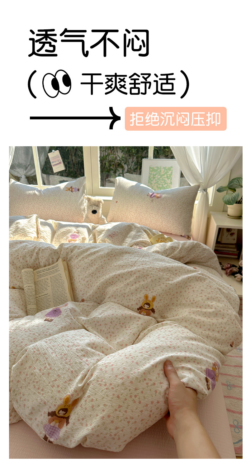 当前位置: 91家纺网 > 商品网购 > 床品套件 > 四件套 > 双层纱四件套 > 耀达家居 2025新款木棉A类有氧双层纱四件套小清新碎花床单宿舍三件套 微醺
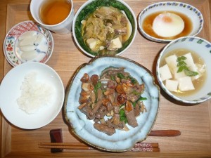 ガーリックとほうれん草ときのこと肉の炒め物、温泉玉子、胡麻豆腐と糸寒天、はんぺんとさば缶と白菜の煮物、大根のお漬物 今日の牛
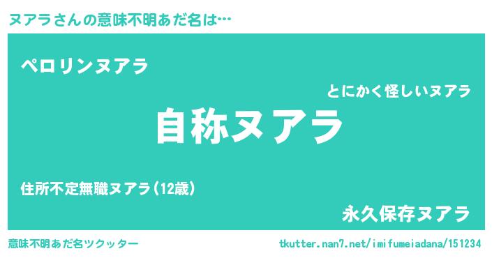 | 女子向けラノベタイトル風あだ名 | 『ヌアラなんてお断りですっ。』 |
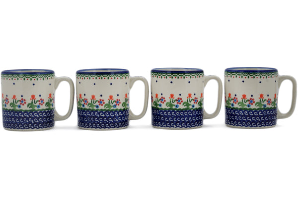 This Spring Flowers Set of 4 Mugs was handmade and hand decorated in Boleslawiec, Poland by skilled artisans according to old traditional methods. This Polish stoneware is microwave, dishwasher, freezer, and oven safe up to 480°F. It does not contain lead or cadmium. It is part of the Spring Flowers Collection.
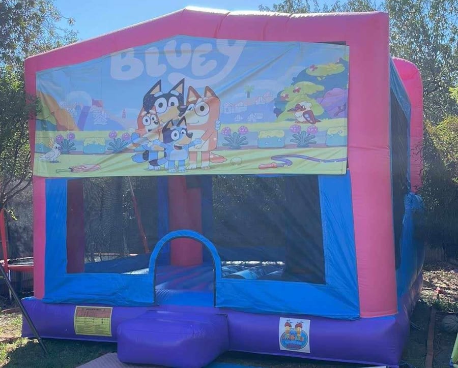 This castle features a jumping area, climbing stairs, internal slide and a basketball hoop (Supply own plastic ball)
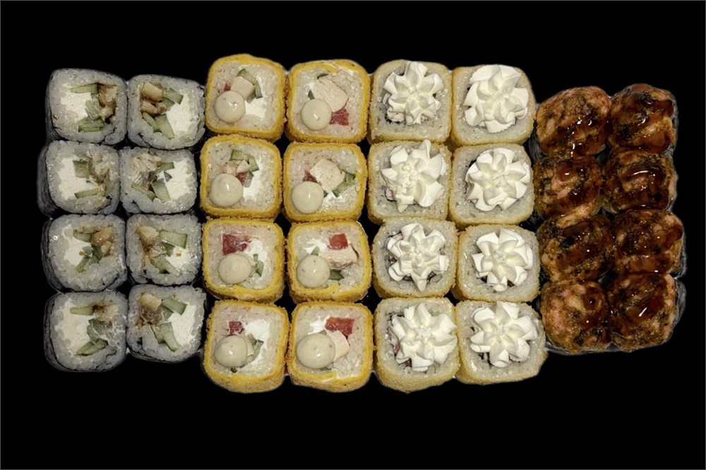 Филадельфия Роял, запеченный ролл с мидиями, сливочный с угрем, цыпленок тортилья (32 шт)
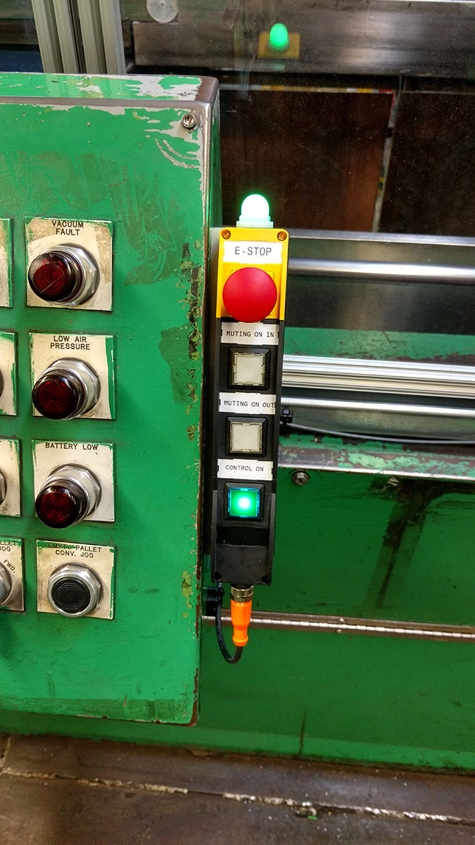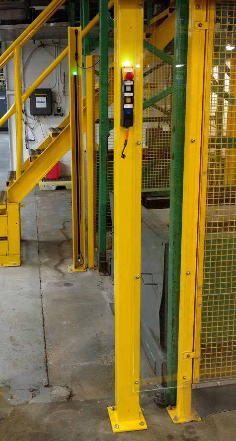 SPOKO Integrators Ltd. provided a complete Safety Systems for the industrial Depalletizer Machine that was over 40 years old, 50' long, and two levels high. One of the challenges the integration of a safety system presented on this equipment was to perform the scope of work within 3 working days. In order to achieve this requirement Spoko has decided to use a Monitoring Safety System with AS-i Communication. This solution allowed us to connect 6 Safety Door Switches, 3 operator stations with E-Stops and additional Push Buttons, 2 Safety Light Curtains, all using only one safety network and controller. This technology prompted less time for installation, and allowed us to complete the work successfully prior to set deadline.
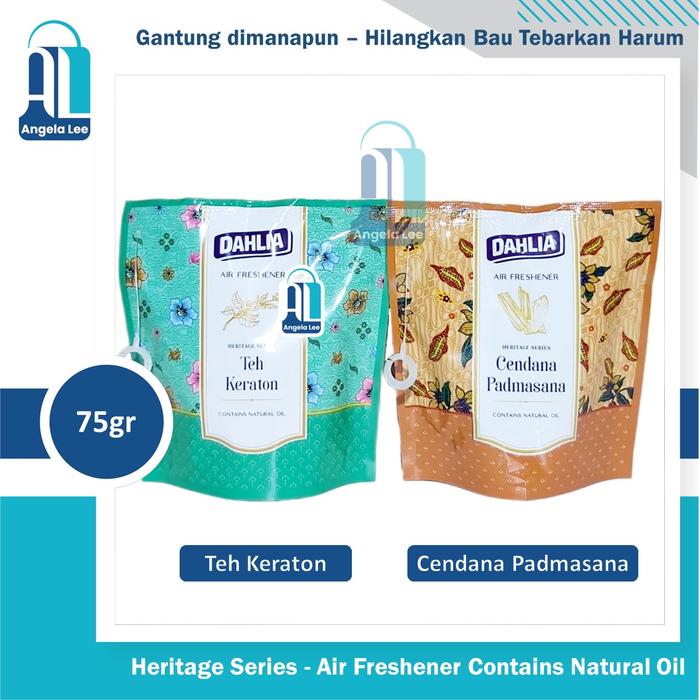 Hadirkan nuansa klasik yang elegan dan harum alami yang menyegarkan untuk ruangan Anda. Dahlia Gantung Heritage Series diformulasikan khusus dengan minyak alami untuk memberikan keharuman yang tahan lama dan aromaterapi yang menenangkan. Cocok digunakan di mobil, ruangan ber-AC, hotel, kantor, atau area lain yang membutuhkan penyegar udara. Sangat mudah digunakan: cukup gunting kemasan plastiknya sesuai petunjuk, lalu gantung atau letakkan di area yang diinginkan. Dapatkan sensasi kesegaran dan keharuman premium yang membawa ketenangan khas keraton.
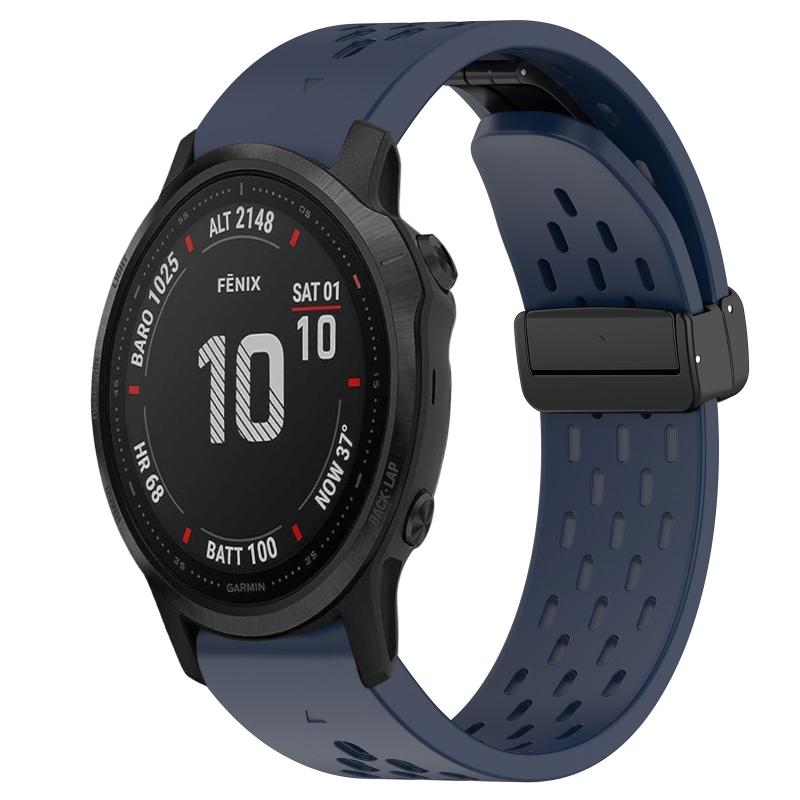 Λουράκι Garmin Fenix 6S 20mm Σιλικόνης με Αγκράφα Διπλώματος (Μπλε Μεσονυχτί)
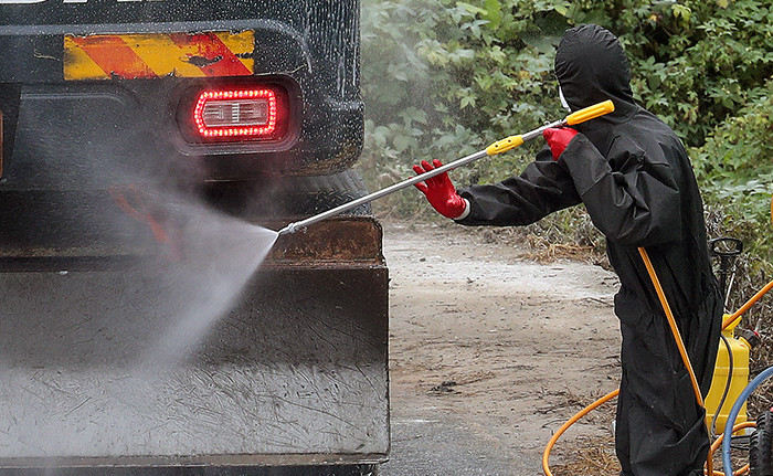 | ▲국내 10번째 아프리카돼지열병이 발병한 2일 오전 경기 파주 파평면의 ASF 확진 판정을 받은 돼지 사육 농가 인근에서 살처분 작업을 위해 들어서는 포크레인에 파주시청 직원이 방역 작업을 하고 있다. (사진=뉴시스) |
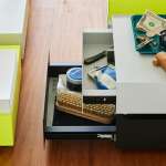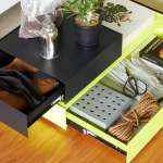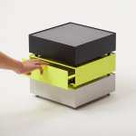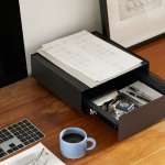 スムーズな引き出しの開閉と、どこにでも置けるシンプルなデザインが魅力の「KaKuKo」。カラーは、マット仕上げのブラックとグレー、艶のあるネオンイエローが用意されています。
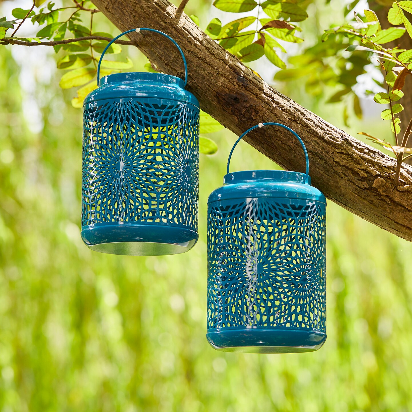 Set of 2/4 8.75"H Metal Cutout Scrollwork Solar Powered LED Outdoor Lantern with handle

__________________________________________________

If a picture sits between the line containing "女子向けラノベタイトル風あだ名 | 『ヌアラなんてお断りですっ。』 |" and the line containing "Филадельфия Роял, запеченный", leave it out, and return the lines of that range above exactly, both ends included.

 | 女子向けラノベタイトル風あだ名 | 『ヌアラなんてお断りですっ。』 |
 This Spring Flowers Set of 4 Mugs was handmade and hand decorated in Boleslawiec, Poland by skilled artisans according to old traditional methods. This Polish stoneware is microwave, dishwasher, freezer, and oven safe up to 480°F. It does not contain lead or cadmium. It is part of the Spring Flowers Collection.
 This castle features a jumping area, climbing stairs, internal slide and a basketball hoop (Supply own plastic ball)
 Филадельфия Роял, запеченный ролл с мидиями, сливочный с угрем, цыпленок тортилья (32 шт)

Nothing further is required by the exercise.